**Task objective:** Only what runs from the line with "可望(图8)。加上闸区周围以" to the end of the data should appear in the answer, exactly as written and without pictures.

+++ Dataset content +++

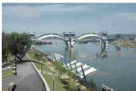
图5 南京外秦淮河三汊河河口闸

可望(图8)。加上闸区周围以治水文化、海塘文化、流域文化、星宿文化、观潮文化为主题的水文化附属设施建设,使曹娥江大闸在发挥重大水利效益的同时,也成为浙东新的文化景点,现已成为国家水利风景区,并于2011年获中国建筑工程“鲁班奖”。
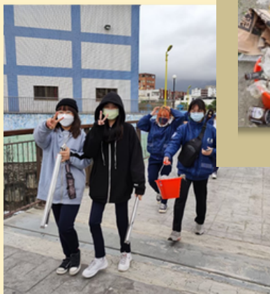
一邊欣賞河景 一邊撿拾垃圾
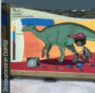
Dinoexperience en Cedrillas

paleontológicos para visitar en esta ruta

+++

**Solution to this task:**
可望(图8)。加上闸区周围以治水文化、海塘文化、流域文化、星宿文化、观潮文化为主题的水文化附属设施建设,使曹娥江大闸在发挥重大水利效益的同时,也成为浙东新的文化景点,现已成为国家水利风景区,并于2011年获中国建筑工程“鲁班奖”。
一邊欣賞河景 一邊撿拾垃圾
Dinoexperience en Cedrillas

paleontológicos para visitar en esta ruta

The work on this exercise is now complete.